───── Extracted records

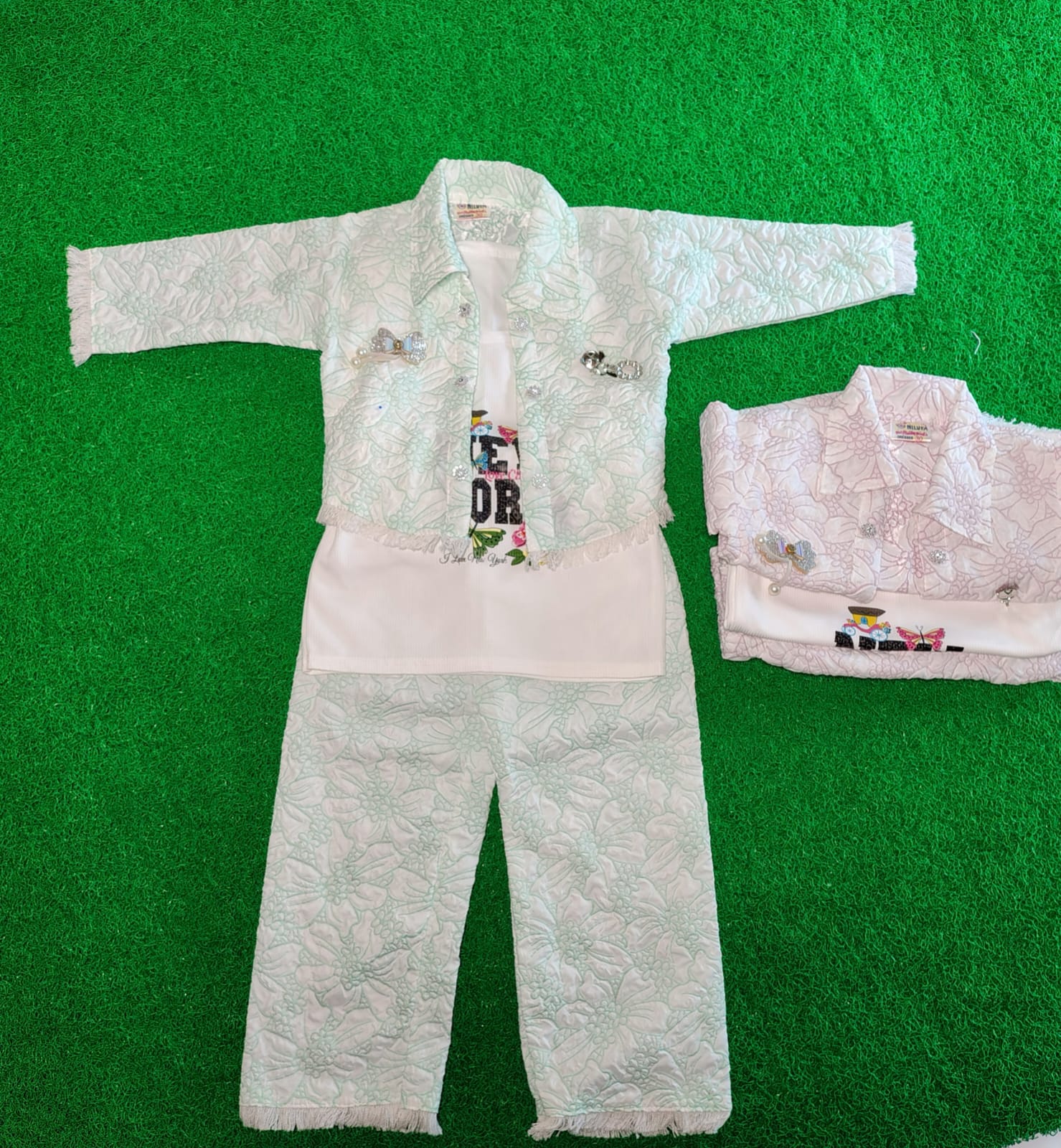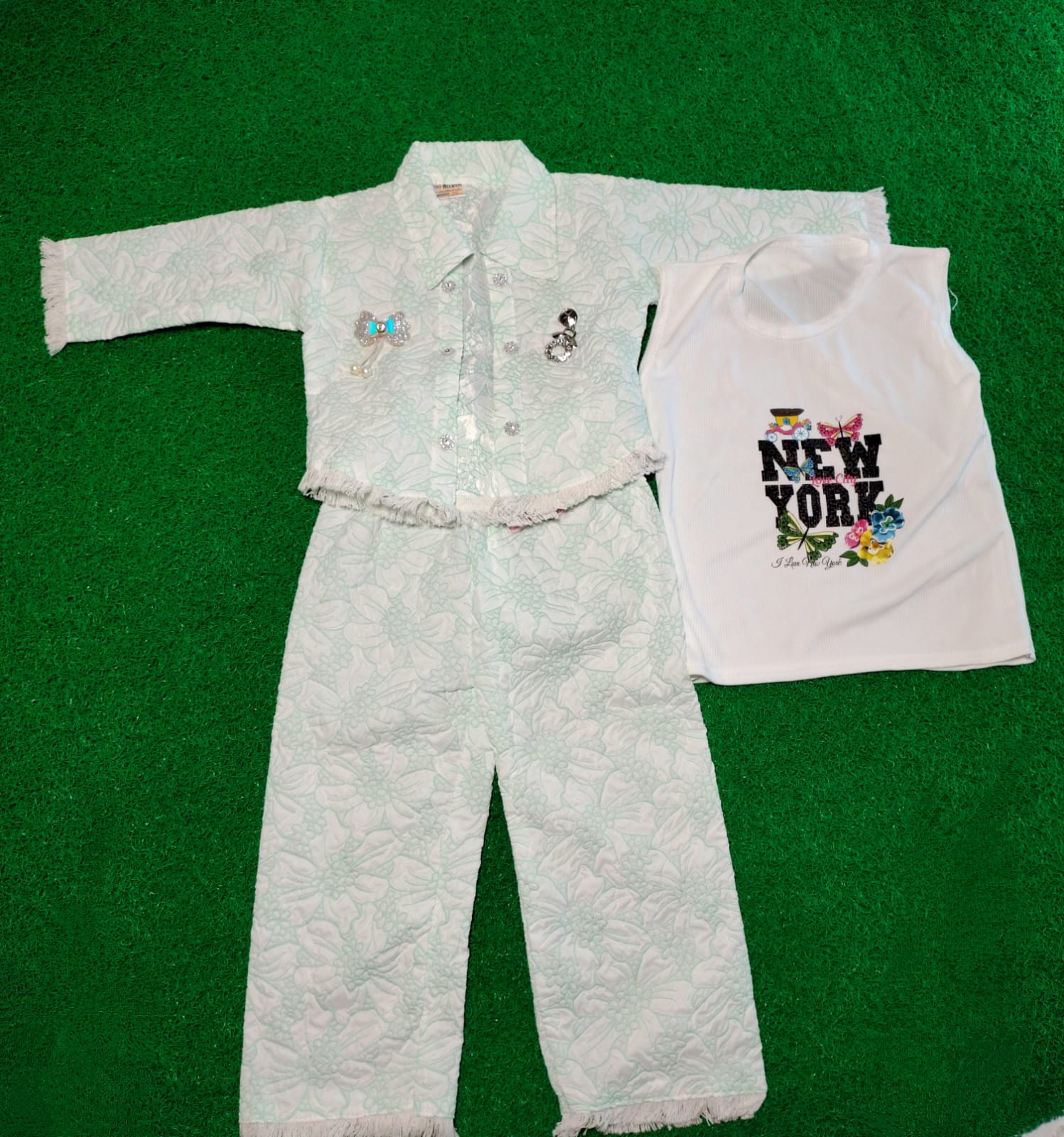 Includes a stylish jacket, printed inner top, and matching pants.
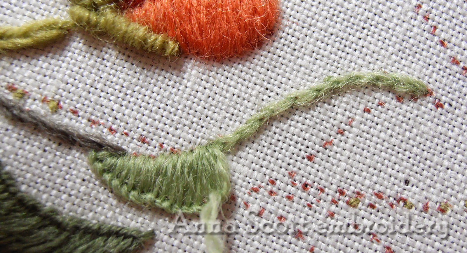 Next, plump and fat flowers... and yes, you did spot bullion knots! Those who knows me, will also know that bullion knots and I are not the best of friends. Sometimes a girl's gotta do, what a girl's gotta do and in this case there is no way getting around a few bullions. Breathe Anna, just breathe...
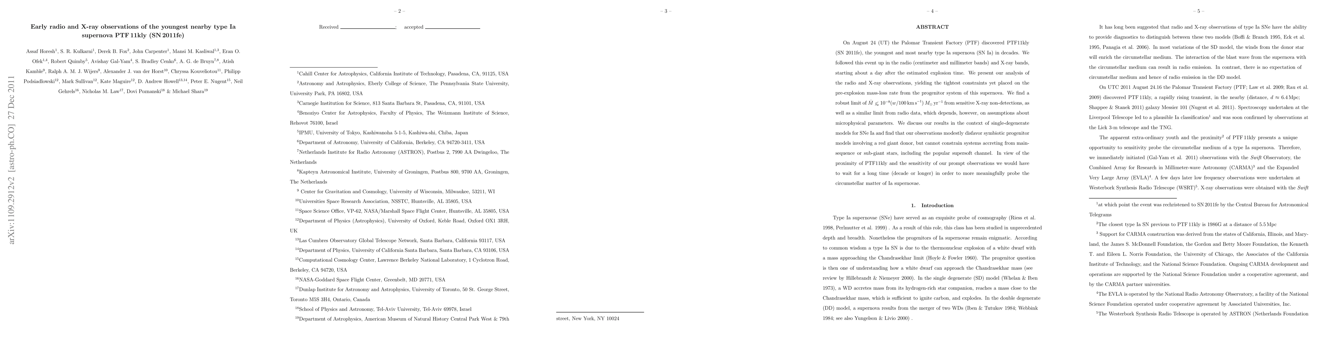 This paper reports on early radio and X-ray observations of the nearby type Ia supernova PTF11kly (SN 2011fe), providing tight constraints on the progenitor's mass-loss rate. The study finds limits on mass-loss rates from both X-ray and radio data, disfavoring symbiotic progenitor models but not constraining systems with main-sequence or sub-giant stars.
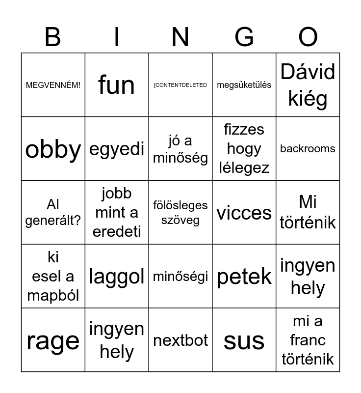 This bingo card has a free space and 39 words: Ez Roblox?, poppyplaytime, nincs gameplay, egyedi, rage, minőségi, jó a minőség, jó a zene, Dávid kiég, ki esel a mapból, jobb mint a eredeti, megsüketülés, mi a franc történik, Mi történik, vicces, laggol, kabala horror, MEGVENNÉM!, borzalmas, petek, obby, nextbot, fizzes hogy lélegez, backrooms, 20Mil megtekintés, 50mil megtekintés, ingyen hely, másolat/ copy, GOTY2024, fun, szinkronizált, 15milmegtekintés, [CONTENTDELETED, ingyen hely, sus, Robloxbaseplatelátható, ingyen hely, AI generált? and van sztori?.
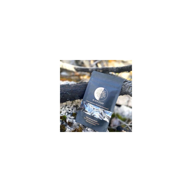 Black Stuff ühendab endas loodusliku päritoluga bioaktiivsete ühendite täisspektrit – sealhulgas fulvohappeid, ligniini ja polüfenoole –, mis on saadud männikoorest ning mustast pässikust. Need ühendid on seedimise seisukohast olulise mikrobioomi elutegevuse üks osa: terviklik mikroobide ökosüsteem mõjutab meie enesetunnet mitmel moel alates kõhust kuni mõtlemiseni.
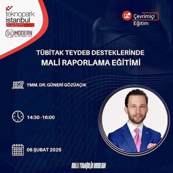 MODERN YMM ve Teknopark İstanbul Akademi işbirliğiyle düzenlenen “Tübitak Teydeb mali raporlama” konulu eğitimimiz çevrimiçi olarak 06 Şubat 2025 perşembe günü 14:30-16:00 arasında gerçekleşecektir.
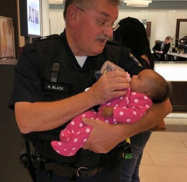 Policista krmil toto dítě, zatímco sanitka dávala její matku na nosítka.
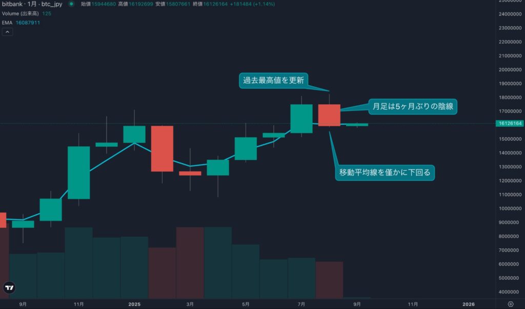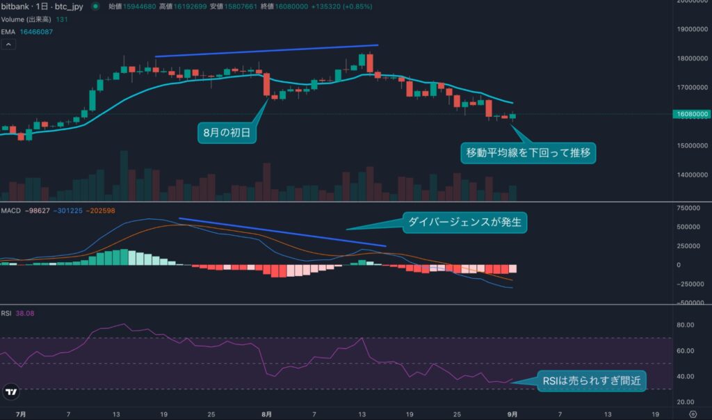 <strong>8月は5ヶ月ぶりのマイナスに、日足チャートは売られ過ぎ手前まで調整</strong>【bitbankチャート分析】
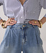 Deze jeans heeft ultrawijde pijpen en is ontworpen in een zachte lightweight denim van 100% katoen. De broek heeft een relaxte fit rond de heupen, bandplooien aan de voorkant en paspelzakken achter.
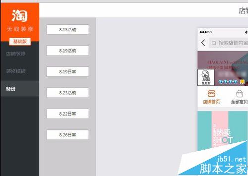 3、備份完后,你就可以進行裝修了,當然你裝修好了也注意要備份哦,要不然恢復裝修之前的頁面,你的裝修不就白費了嗎!?所以要注意合理的進行備份和還原,這樣可以使得你在接下來的裝修中更加方便和快捷。
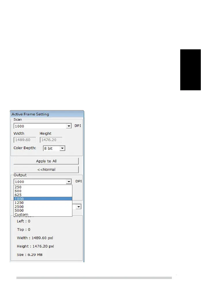 The default scanning resolution is 1000dpi, additional resolution options are

──────────

All lines from the one containing "Policista krmil toto" through the final line of the entries above are to be copied exactly; the pictures are not.

 Policista krmil toto dítě, zatímco sanitka dávala její matku na nosítka.
 <strong>8月は5ヶ月ぶりのマイナスに、日足チャートは売られ過ぎ手前まで調整</strong>【bitbankチャート分析】
 Deze jeans heeft ultrawijde pijpen en is ontworpen in een zachte lightweight denim van 100% katoen. De broek heeft een relaxte fit rond de heupen, bandplooien aan de voorkant en paspelzakken achter.
 3、備份完后,你就可以進行裝修了,當然你裝修好了也注意要備份哦,要不然恢復裝修之前的頁面,你的裝修不就白費了嗎!?所以要注意合理的進行備份和還原,這樣可以使得你在接下來的裝修中更加方便和快捷。
 The default scanning resolution is 1000dpi, additional resolution options are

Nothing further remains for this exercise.